Ces étiquettes ne risquent-elles pas de mener à des symptômes épidémiques ? Les gens s’identifient avec ces étiquettes et pensent « Oui, c’est ce que mon enfant a aussi ! ». Aujourd’hui, tous les enfants sont hypersensibles par exemple.
Ne faut-il pas inverser les choses? Sommes-nous vraiment en train de créer une épidémie imaginaire ou l’apparition de plus en plus régulière de ces troubles indique-t-elle que nous sommes en train de créer une société et un mode de vie où beaucoup de gens et d’enfants ne peuvent pas suivre ? Ne me comprenez pas mal, je ne veux pas retourner à une époque où les enfants devaient travailler dans les champs à treize ans, mais aujourd’hui le contexte dans lequel nous vivons a tellement changé et demande tellement de la part des enfants et des parents que ces signaux d’alerte remontent. Eh oui, on entend parfois dire « aujourd’hui, ils ont tous quelque chose », mais c’est parce que nous disposons de meilleurs outils pour reconnaître ces diagnostics et leur donner une place dans les soins de santé mentaux. Autrefois, une personne atteinte de dyslexie avait simplement du mal à lire. À côté de cela, ces enfants développaient de nombreuses stratégies pour ne pas devoir lire. Sinon, ils ne pouvaient pas suivre.
L’été dernier, vous avez écrit une lettre ouverte à la ministre de la Santé publique Maggie De Block pour protester contre les économies réalisées en psychiatrie pour enfants. Où en est aujourd’hui l’aide mentale à la jeunesse ?

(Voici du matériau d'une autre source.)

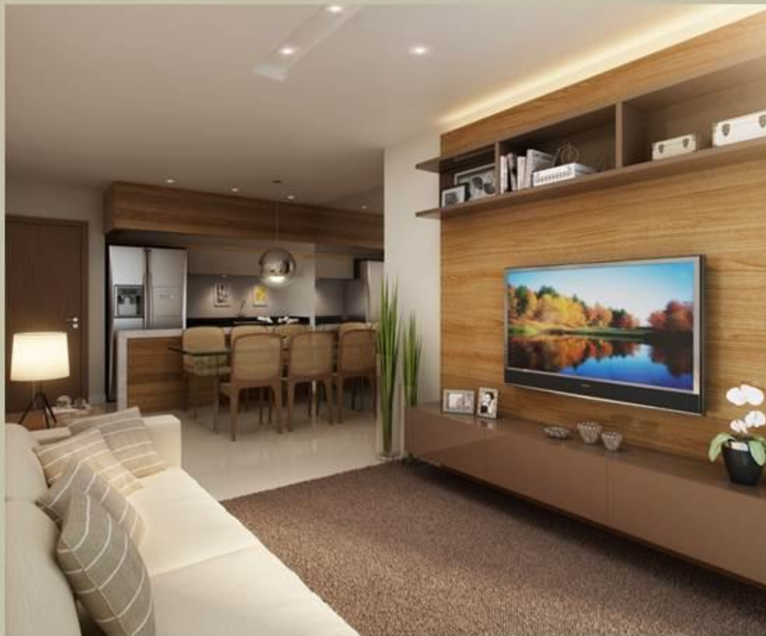
Imagem da sala com cozinha americana. Colunas 02 e 07 do edifício Firenze e 02,03,06 e 07 dos edifícios Roma, Venezia e Milano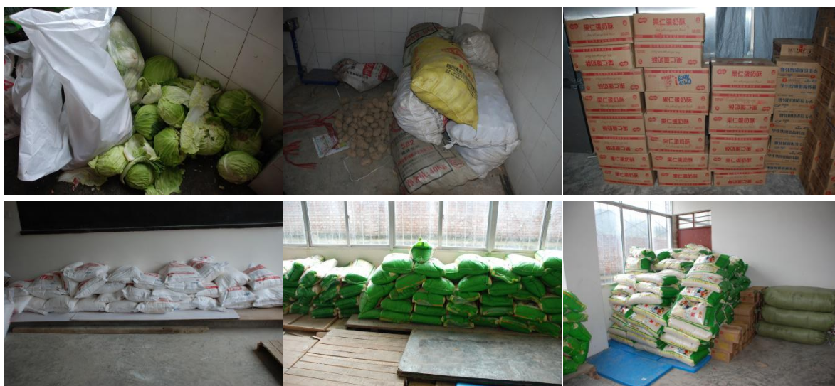
图 3 食材储存情况图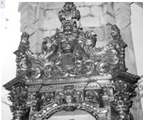
Fig. 3. ¿José y Ciprián Domínguez Bugarín?, retablo colateral de las clarisas, lado de la epístola, 1704 ca. Altar de S. Antonio de Padua, detalle del ático o copete.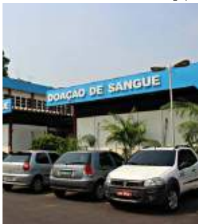
Hemoam funciona de segunda a sábado, das 7h às 18h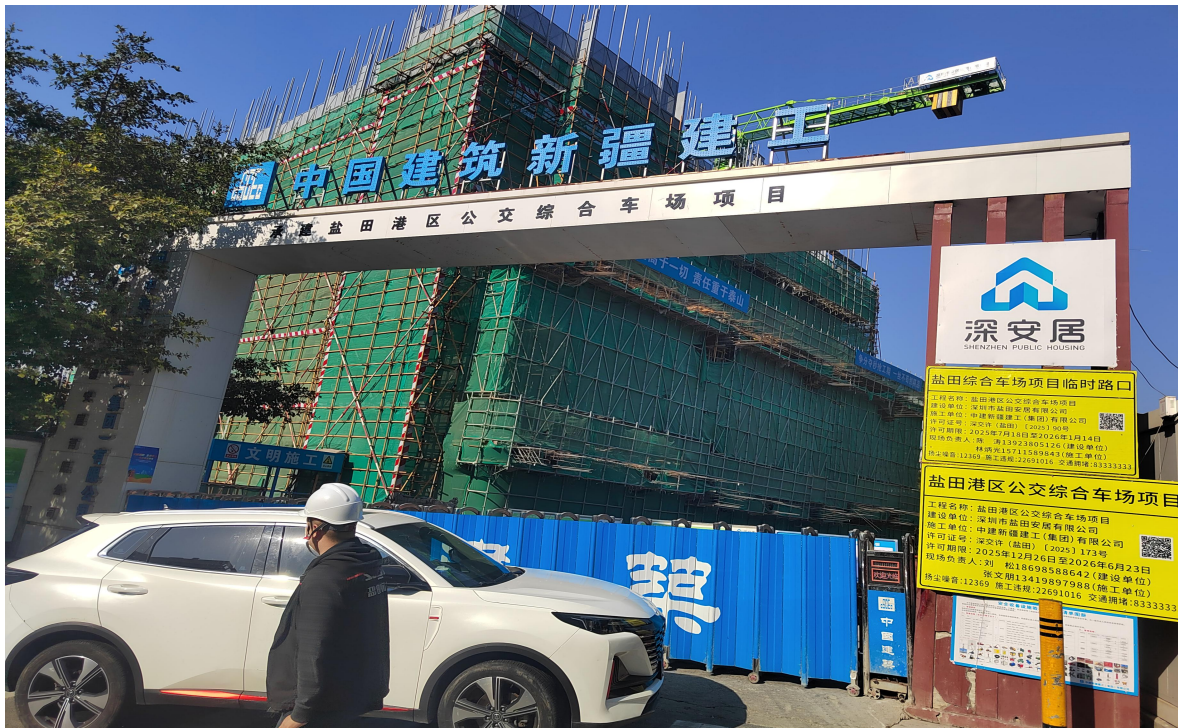
图 4 项目工地出入口

L’aide à la jeunesse est très éclatée. En outre, elle dépend très fort des parents. Dans ma pratique, je vois parfois des parents qui ne savent presque rien du trouble de leur enfant. On les a pour ainsi dire renvoyés chez eux avec un papier reprenant le diagnostic, et c’est tout. Ou l’inverse, les parents soupçonnent que quelque chose ne va pas mais ne savent pas du tout où aller. Ou ils se retrouvent chez un psychiatre qui leur conseille d’envoyer leurs enfants chez les scouts. Quand j’entends ça, je tombe de la chaise. Il faudrait un point central accessible à tous où on explique les étapes à suivre aux enfants. Aujourd’hui, les listes d’attente sont de minimum trois ans. Dans certains hôpitaux psychiatriques on n’accepte même plus de nouveaux patients. Ainsi, les problèmes persistent, des troubles supplémentaires s’installent et les jeunes finissent par se retrouver en accueil de crise.